Bem, pelo menos a respeito desta última situação, não há a necessidade de se depreender maiores energias imaginativas, já que se trata, em essência, da Proposta de Emenda Constitucional (PEC) n° 573, na qual o atual ministro da Educação, professor Cristovam Buarque, busca apoiar-se para a edificação de uma nova forma de captação de recursos para o financiamento da ampliação do ensino superior "público(?)" no Brasil. De autoria do ex-deputado federal Padre Roque (PT-PR), a proposta em questão, recém "exumada" pelo senhor ministro, atingiria aqueles ex-alunos que hoje concebem salários anuais superiores a R$ 30 mil, cuja contribuição se situaria na faixa de 2% a 3% sobre o Imposto de Renda.

Tal quadro, de um lado, se presta à constatação de que, em meio à escassez financeira, o poder público é levado a criar novas formas de geração de recursos para a promoção de serviços que a Constituição Federal (CF) o obriga a prestar à sociedade e, de outro, serve como exemplo típico de como o Estado, gradativamente, vem se esquivando destas mesmas obrigações, inclusive legitimando sua retração pela via de alterações a serem impressas na própria Carta Magna, nos termos da transformação daquilo que ora se apresenta como ilegal em "legal". Por exemplo, que nova redação será dada ao Artigo n° 206 da CF, quando esta versa que, no âmbito dos estabelecimentos oficiais, o ensino público será "gratuito"? Ou, ainda, quando afirma, no § 1.º do Artigo n° 211, que "A União organizará e financiará o sistema federal de ensino e o dos territórios..."?

No que remete à nova Lei de Diretrizes e Bases da Educação Nacional (LDB) – Lei n° 9.394/96 –, que entendimentos deveremos realizar sobre, por exemplo, a "gratuidade" do ensino público em estabelecimentos oficiais, propugnada como um dos princípios da educação nacional (Artigo n° 3)? Parece que noções como "gratuidade" e "público" estão em vias de serem ressignificadas, isto na melhor das hipóteses, pois, sob uma visão pessimista, poderão estar condenadas ao desaparecimento, destino selado pelos dois mandatos liberalizantes do governo Fernando Henrique Cardoso e, agora, em processo de endosso pelo governo Lula. Quem sabe, o sentido de "gratuidade", associado à dimensão do "público", virá a significar, em sua polissemia político-ideológica, aquilo que, embora por ora não implique ônus, amanhã poderá implicar?
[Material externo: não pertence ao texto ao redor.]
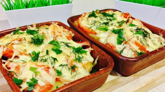 На фотографии изображено два глиняных блюда с аппетитной запеканкой, расположенных на светлой деревянной поверхности. Запеканка, украшенная свежими зелеными веточками укропа и петрушки, соблазняет нежной золотистой корочкой расплавленного сыра. Под сыром видны ломтики помидора и других овощей. Фон состоит из двух белых контейнеров с искусственными зелеными растениями, которые добавляют свежести общей композиции. Атмосфера уютная и домашняя, идеальная для теплого семейного обеда.

Resgatando a tese de que a finitude dos recursos condicionam o caráter político das decisões do Estado em relação à priorização da satisfação das necessidades sociais, cabe finalizar destacando que estas mesmas decisões, a um só tempo, refletem os compromissos políticos assumidos pelo Estado em relação a determinados segmentos da sociedade, ou melhor, no que concerne a determinados interesses de classe.

Em nome de que princípio deve-se onerar o proletário de nível superior (em processo crescente de pauperização), poupando-se cerca de outros 75 mil cidadãos que expõem patrimônio superior a US$ 1 milhão (cerca de R$ 3 milhões), excluído da contabilização de bens imóveis? Ao contrário daqueles, estes se constituem nos brasileiros que representam cerca de 1% dos milionários do planeta, conforme dados divulgados pelo "Relatório Mundial da Riqueza", assinado pela corretora americana Merrill Lynch e pela consultoria Ernest & Young, divulgado em reportagem do dia 12 do corrente no Jornal do Brasil.

*Doutor em Educação, professor adjunto e coordenador do Núcleo de Projetos Especiais (NUPE) da Faculdade de Educação da Uerj.

 

Fonte: Folha Dirigida, 17/6/2003, RJ.